Rechtspraak
Gerechtshof 's-Hertogenbosch (Locatie 's-Hertogenbosch), 18 maart 2014
ECLI:NL:GHSHE:2014:757
Mondzorg Centrum VOF/werkneemster
Werkneemster is met ingang van 1 september 2004 voor onbepaalde tijd in dienst getreden bij Mondzorg in de functie van mondhygiëniste. Artikel 12 lid 1 van de arbeidsovereenkomst bevat een concurrentiebeding en relatiebeding die haar verbieden gedurende tien jaar in een straal van 20 km werkzaam te zijn als mondhygiëniste. In mei 2012 heeft werkneemster toestemming gevraagd in plaats X de praktijk van Y over te nemen (800 klanten). Mondzorg heeft de toestemming geweigerd. De kantonrechter heeft het concurrentiebeding vernietigd en voor recht verklaard dat het tussen partijen geldende relatiebeding zijn werking behoudt, in die zin dat het werkneemster niet is toegestaan om binnen drie jaar na beëindiging van het dienstverband bij Mondzorg relaties van Mondzorg te behandelen dan wel te benaderen.

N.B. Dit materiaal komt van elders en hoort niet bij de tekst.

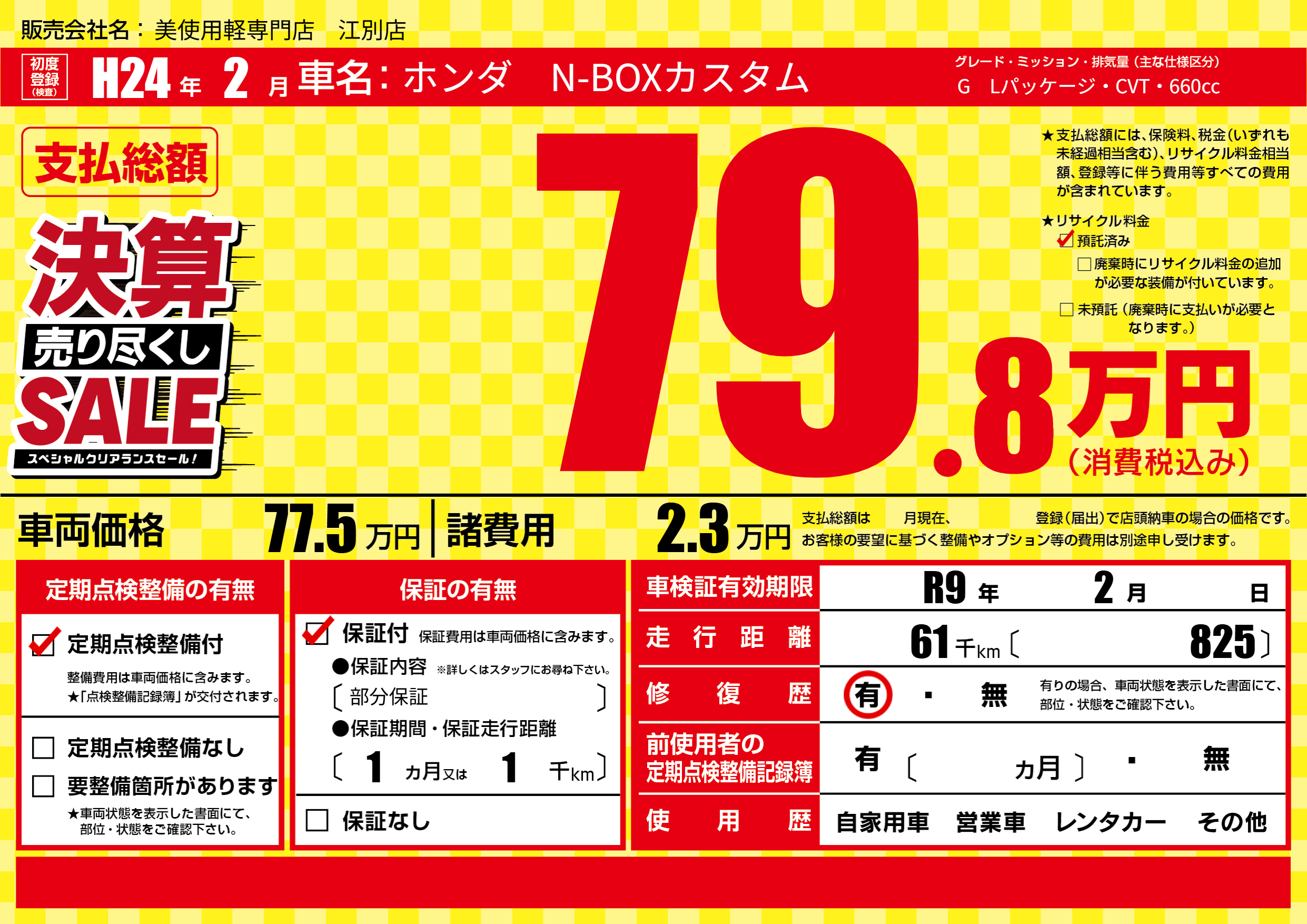 | 車検制限 | R9年 2月 - 日 | ||

Het hof oordeelt als volgt. Voor wat betreft de belangen die Mondzorg heeft bij naleving van het concurrentiebeding is het hof evenals de kantonrechter van oordeel dat die belangen met name gelegen zijn in de bescherming van haar patiëntenbestand. Mondzorg heeft er een gerechtvaardigd belang bij dat werkneemster niet door de kennis van de werkwijze, de klanten en de overige bedrijfsgeheimen van Mondzorg zichzelf een positie verschaft waarbij sprake is van ongerechtvaardigd voordeel in het concurrerend handelen. Daarbij ligt volgens vaste rechtspraak niet zozeer de nadruk op de door de werknemer tijdens het dienstverband door eigen toedoen verworven kennis en vaardigheden, maar veeleer op de inbreng van de werkgever om de werknemer in staat te stellen de overeengekomen werkzaamheden zo goed mogelijk te laten verrichten. Het rechtens te respecteren belang van een werkgever is daarom niet het tegengaan van concurrentie in het algemeen, maar het voorkomen dat een ex-werknemer met gebruikmaking van de kennis van de onderneming van de ex-werkgever, die hij zonder de werkzaamheden voor die onderneming niet zou hebben, zijn vorige werkgever rechtstreeks concurrentie zou kunnen aandoen en daarmee zichzelf of een derde (de nieuwe werkgever) een ongerechtvaardigde voorsprong in concurrerend handelen zou kunnen bezorgen. Ook anderszins heeft Mondzorg er een gerechtvaardigd belang bij dat werkneemster geen patiënten bij haar zal wegtrekken, met name ook door een persoonlijke band die zij bij Mondzorg met patiënten kan hebben opgebouwd. Tegen deze achtergrond is het hof evenals de kantonrechter van oordeel dat het respecteren van de gerechtvaardigde belangen van Mondzorg voldoende wordt gewaarborgd door het relatiebeding. Werkneemster heeft zich – ook in hoger beroep – bereid verklaard om jaarlijks gedurende drie jaren inzage in haar patiëntenbestand te geven aan Mondzorg. Door handhaving van het concurrentiebeding op de door Mondzorg gewenste wijze zou het recht van werknemers op vrije arbeidskeuze te veel worden ingeperkt. De belangen van Mondzorg worden voldoende beschermd door het feit dat het werkneemster niet is toegestaan om gedurende drie jaren na de beëindiging van haar dienstverband relaties van Mondzorg te behandelen dan wel te benaderen.